CREATE TABLE `item` (   `id` int(10) unsigned NOT NULL AUTO_INCREMENT,   `name` char(20) DEFAULT NULL,   `colors` set('chartreuse','mauve','lime green','puce') DEFAULT 'puce',   PRIMARY KEY (`id`) ) ENGINE=MyISAM DEFAULT CHARSET=latin1;

Edit the test.txt file to remove everything but the definition for the colors column:
```
`colors` set('chartreuse','mauve','lime green','puce') DEFAULT 'puce', 
```
Modify the definition to produce an ALTER TABLE statement that has the new element and a semicolon at the end:
```
ALTER TABLE item MODIFY `colors` set('chartreuse','mauve','lime green','puce','hot pink') DEFAULT 'puce'; 
```
Write test.txt back out to save it, and then get out of the editor and feed test.txt as a batch file to mysql:
```
% mysql cookbook < test.txt                      
```

For simple columns, this procedure is more work than just typing the ALTER TABLE statement manually. However, for ENUM and SET columns with long and ungainly definitions, using an editor to create a mysql batch file from mysqldump output makes a lot of sense. This technique also is useful when you want to delete or reorder members of an ENUM or SET column, or to add or delete members from the column definition.

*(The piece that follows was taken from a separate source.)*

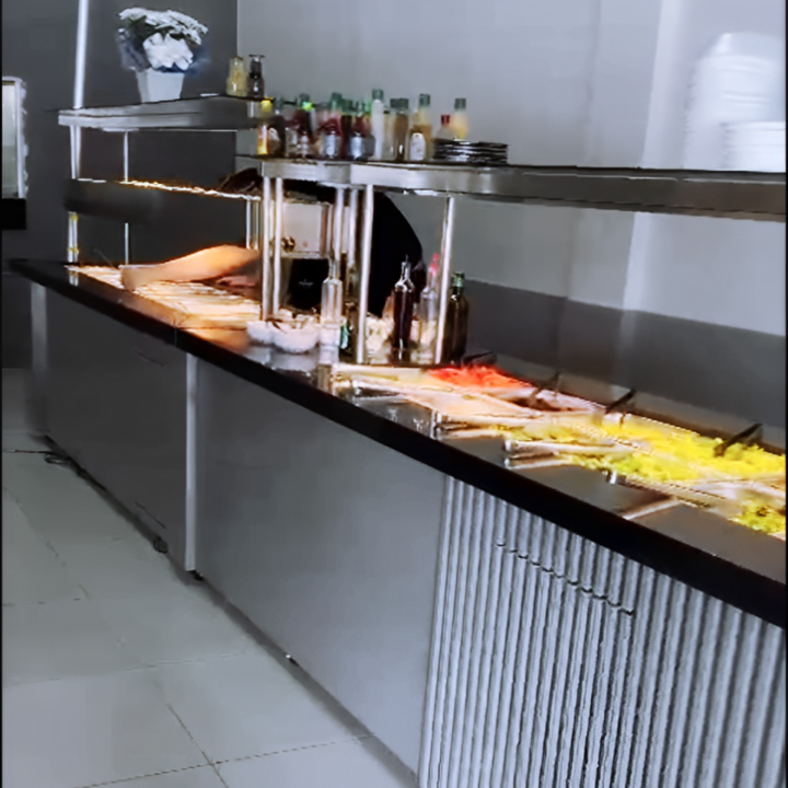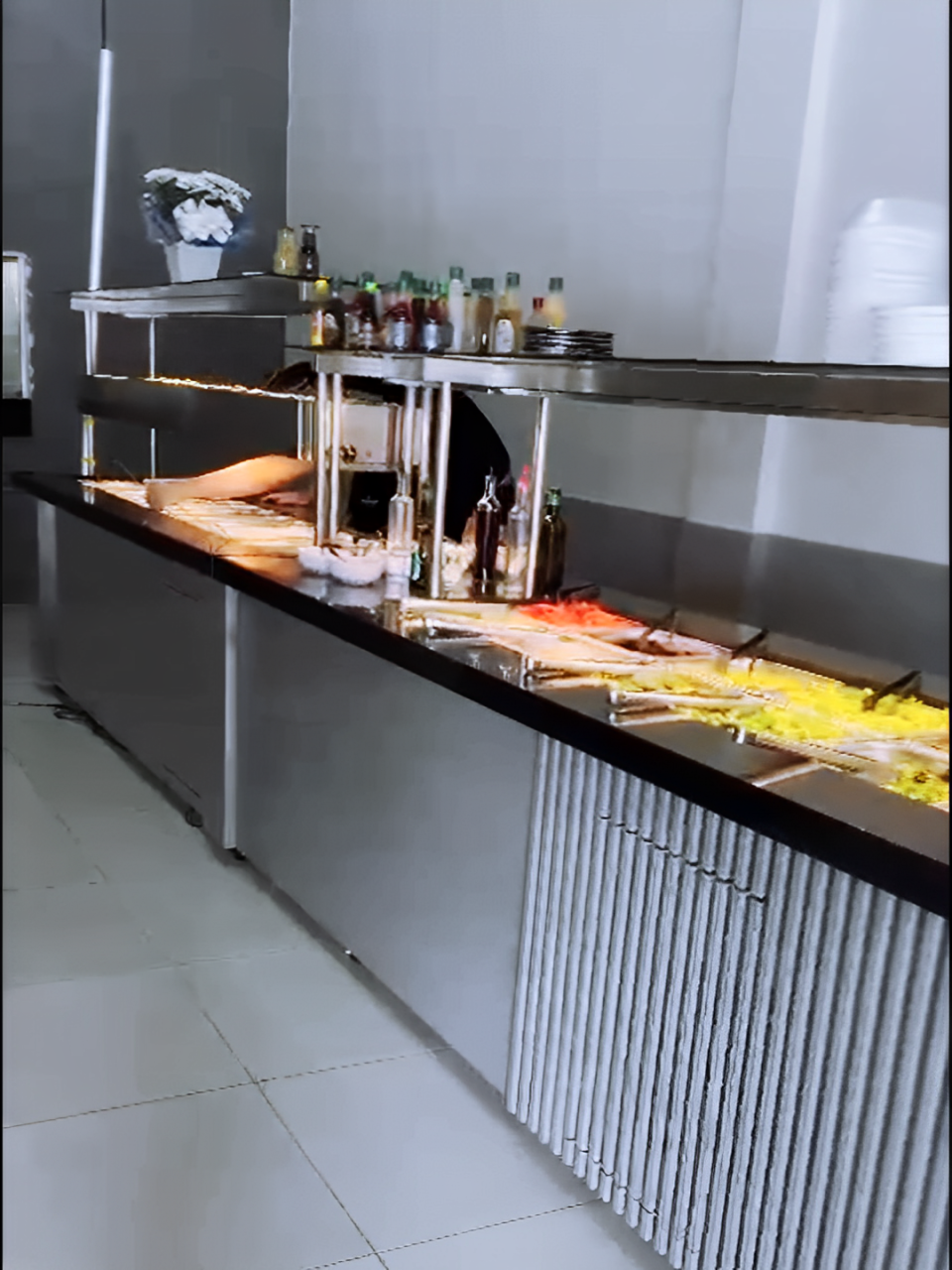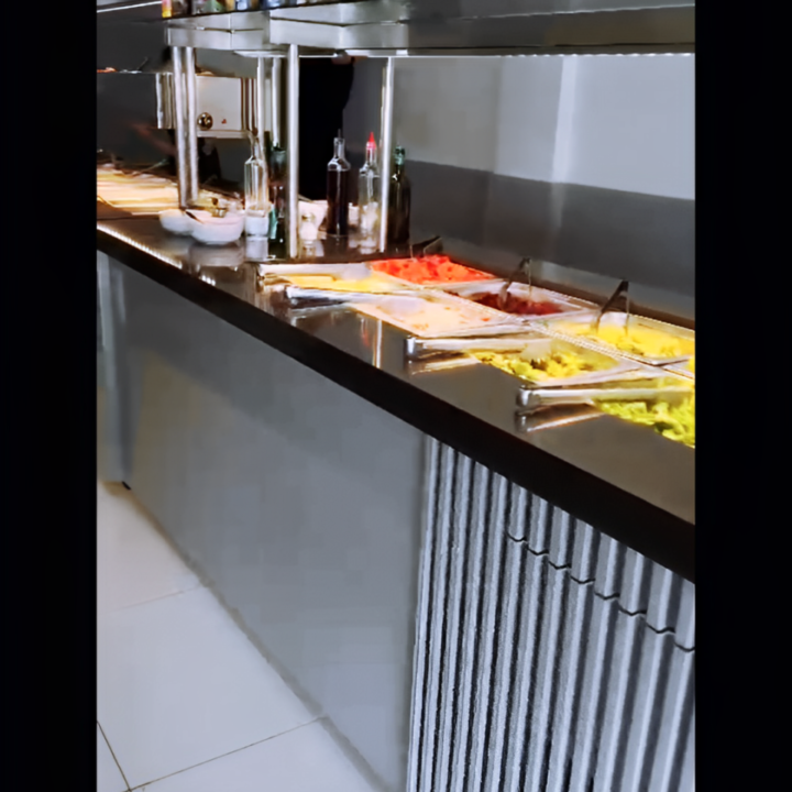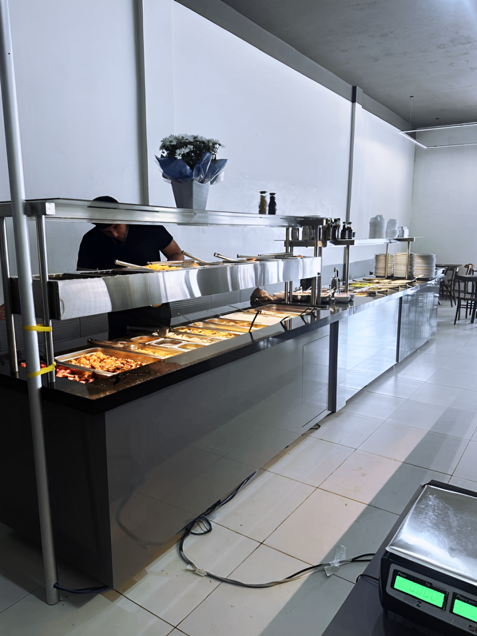 Buffet completo quente e frio, balcão e ardósia, inox e vidro. Sua marcenaria perfeita completa o conjunto. Uma ótima experiência aos clientes

Selecting all except certain columns

Sometimes you want to retrieve "almost all" the columns from a table. Suppose that you have an image table that contains a BLOB column named data used for storing images that might be very large, and other columns that characterize the BLOB column, such as its ID, a description, and so forth. It's easy to write a SELECT * statement that retrieves all the columns, but if all you need is the descriptive information about the images and not the images themselves, it's inefficient to drag the BLOB values over the connection along with the other columns. Instead, you want to select everything in the row except the data column.

Unfortunately, there is no way to say directly in SQL, "select all columns except this one." You must explicitly name all the columns except data. On the other hand, it's easy to construct that kind of statement by using table structure information. Extract the list of column names, delete the one to be excluded, and then construct a SELECT statement from those columns that remain. The following example shows how to do this in PHP, using the get_column_names⁠(⁠ ⁠ ⁠) function developed earlier in the chapter to obtain the column names for a table:

$names = get_column_names ($conn, $db_name, $tbl_name); $stmt = ""; # construct list of columns to select: all but "data" foreach ($names as $index => $name) {   if ($name == "data")     continue;   if ($stmt != "") # put commas between column names     $stmt .= ", ";   $stmt .= "`$name`"; } $stmt = "SELECT $stmt FROM `$db_name`.`$tbl_name`";

The equivalent Perl code for constructing the statement is a bit shorter (and correspondingly more cryptic):

my @names = get_column_names ($dbh, $db_name, $tbl_name); my $stmt = "SELECT `"             . join ("`, `", grep (!/^data$/, @names))             . "` FROM `$db_name`.`$tbl_name`";

Whichever language you use, the result is a statement that you can use to select all columns but data. It will be more efficient than SELECT * because it won't pull the BLOB values over the network. Of course, this process does involve an extra round trip to the server to execute the statement that retrieves the column names, so you should consider the context in which you plan to use the SELECT statement. If you're going to retrieve only a single row, it might be more efficient simply to select the entire row than to incur the overhead of the extra round trip. But if you're selecting many rows, the reduction in network traffic achieved by skipping the BLOB columns will be worth the overhead of the additional query for getting table structure.